Consequently, our team decided to focus specifically on geometric reasoning tasks within mathematics. Unlike typical text-based reasoning problems, geometry requires precise perception and reasoning about detailed structural and spatial relationships within images—such as points, lines, surfaces, geometric shape combinations, segment lengths, angle measurements, parallel or perpendicular relationships, shapes' containment and partitioning, overall symmetry, and spatial layouts.
Recent advancements in vision-language models, notably GPT-4V and LLaVA-7B, have demonstrated robust general visual comprehension abilities, seemingly offering ideal solutions for this task. However, upon deeper literature review, we discovered that even these state-of-the-art models exhibit significant limitations and shortcomings in specific geometric image reasoning tasks, particularly in handling precise spatial details.
Further investigation into possible reasons for these shortcomings led us to examine popular geometric datasets such as MathVerse and Geometry3K. We found that while current datasets commonly provide geometric images, question texts, choices, and answers, they lack detailed, explicit, and structured geometric image descriptions. This absence of descriptive context may significantly limit the models' ability to thoroughly understand image information, thus impairing their performance on detailed geometric reasoning tasks.
Based on these findings, we clearly defined our research goal: If we proactively generate and provide explicit, structured descriptions of geometric images, can this effectively enhance the performance of vision-language models on geometric reasoning tasks? To verify this question, we explicitly formulated two core hypotheses.
Research Hypotheses
Caption Benefit Hypothesis
Providing detailed and explicit image descriptions can significantly enhance model accuracy on geometric problems compared to using only raw images or text.
Task-Focused Caption Hypothesis
Descriptions specifically tailored to focus on visual features directly related to geometric problem-solving (e.g., specific angles, segment relations) will more effectively improve model reasoning capabilities and overall problem-solving performance compared to general image descriptions.
Building on this motivation, our final solution extends the classic perception-reasoning split into an iterative three-component loop—planning → targeted visual question answering → belief-state reasoning—so that the system can actively request missing geometric facts before committing to a final answer.
Contributions
To achieve and validate these hypotheses, our project clearly offers four main contributions:
Proposing and validating a novel multimodal geometric reasoning pipeline
We explicitly divided the geometric reasoning task into two distinct stages: Perception Stage (utilizing advanced vision-language models such as GPT-4V and Qwen-VL to generate structured descriptions) and Reasoning Stage (combining generated detailed descriptions with problem texts to enable final reasoning and answer generation by large language models).
Introducing a task-oriented structured image description generation strategy
Our method addresses the lack of structured image descriptions in existing datasets by clearly instructing the model-generated descriptions to focus specifically on visual features directly relevant to problem-solving, thereby enhancing the model's precise understanding of geometric details.

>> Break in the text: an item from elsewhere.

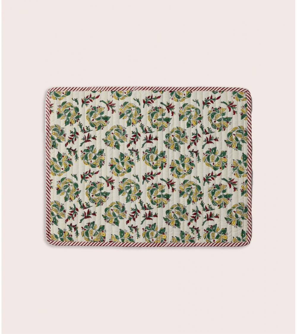 Le set de table matelassé Sarso est en 100 % coton, imprimé au block print. Cette technique d'impression artisanale du Rajasthan repose sur l'utilisation de tampons en bois sculptés à la main. Chaque motif est appliqué manuellement par un artisan indien maîtrisant ce savoir-faire précis, garantissant l'authenticité et l'unicité de chaque pièce.
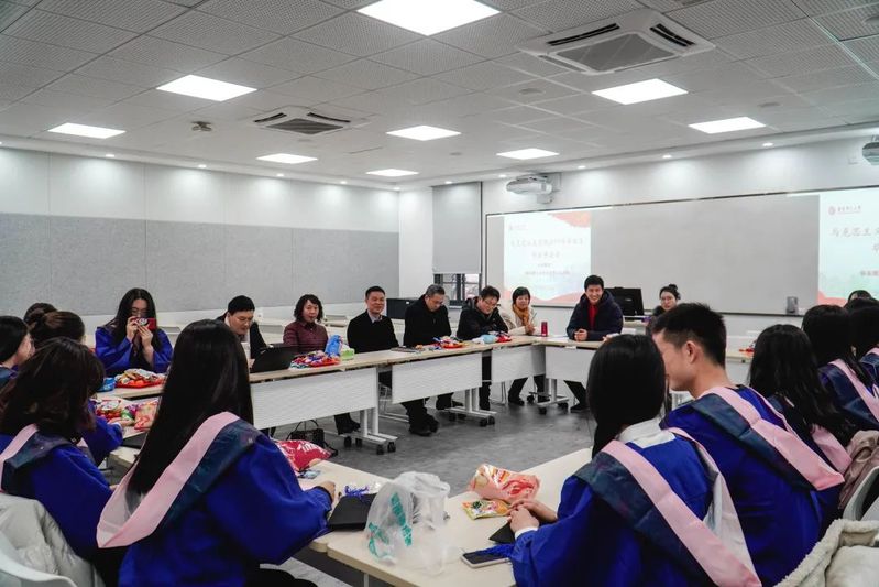 座谈会上,各位导师轮流发言,向圆满完成学业的学子表示热烈的祝贺,并提出了殷切的希望与要求。各位导师嘱托毕业生在踏入社会后要学会包容,正确处理与他人的关系,并学会缓解工作、生活中出现的焦虑情绪。导师们表示无论何时,马院都是毕业生们永远的家,欢迎各位毕业生常回家看看。导师发言结束后,毕业生依次发言表达了自己的感恩之情以及对未来的憧憬。

Conducting comprehensive baseline comparative analyses
We systematically compared eight different model combinations and strategies, ranging from pure text models (GPT-3.5, GPT-4o, Mistral 7B) and simple multimodal fusion models (CLIP+GPT-3.5, BLIP+GPT-3.5) to advanced vision-language model combinations (GPT-4V, Qwen-VL, InternLM).
Providing clear and in-depth experimental insights
By analyzing Chain-of-Thought (CoT) reasoning scores, description generation scores, and their combined overall accuracy, we conclusively demonstrated that detailed image descriptions have a significant positive impact on overall geometric reasoning accuracy. Our experimental design allows us to identify whether errors originate from the perception or reasoning stage.
Related Work and Background
Related Datasets
Several recent works have advanced the field of mathematical and geometric problem-solving using multi-modal models. The MATH dataset provides a large-scale benchmark focused on text-based mathematical problem-solving, while MathVista expands this space by evaluating multi-modal models on visual math problems that combine diagrams with textual descriptions.
GeoEval introduces a specialized benchmark for geometric reasoning, designed to test the ability of the models to interpret complex figures and solve geometry questions. MathVerse further investigates whether multi-modal LLMs can truly "see" and reason over diagrams, revealing important gaps between image understanding and symbolic reasoning.
Prior Work
To address these challenges, a variety of models have been proposed. G-LLaVA adapts multi-modal LLMs to geometric problem-solving by integrating visual and textual features, while Inter-GPS introduces formal symbolic reasoning pipelines to enhance interpretability and solution accuracy.
UniMath aims to build a foundational multi-modal mathematical reasoner across different modalities and task types. ChatGLM-Math focuses on improving text-based math problem-solving through a self-critique pipeline, showing that even unimodal LLMs can benefit from better reasoning structures.
Dual-Reasoning Geometry Solver (Dual-GeoSolver) explores a dual-reasoning approach inspired by human problem-solving strategies, emphasizing the importance of both visual and symbolic understanding. Reason-and-Execute prompting method proposes a framework for breaking down complex geometry questions into executable steps to enhance structured reasoning.
More recently, GeoX presents a unified pretraining framework that jointly formalizes visual diagrams and symbolic descriptions, enabling better alignment between vision and language for geometric problem-solving. Similarly, Geo-LLaVA extends the capabilities of multi-modal LLMs by applying meta in-context learning and retrieval-augmented training on solid geometry datasets, achieving state-of-the-art results on benchmarks like GeoQA and GeoMath. GeoGPT4V explores synthetic generation of geometric figures to augment training and evaluation data, further pushing the boundaries of geometry-focused multimodal learning.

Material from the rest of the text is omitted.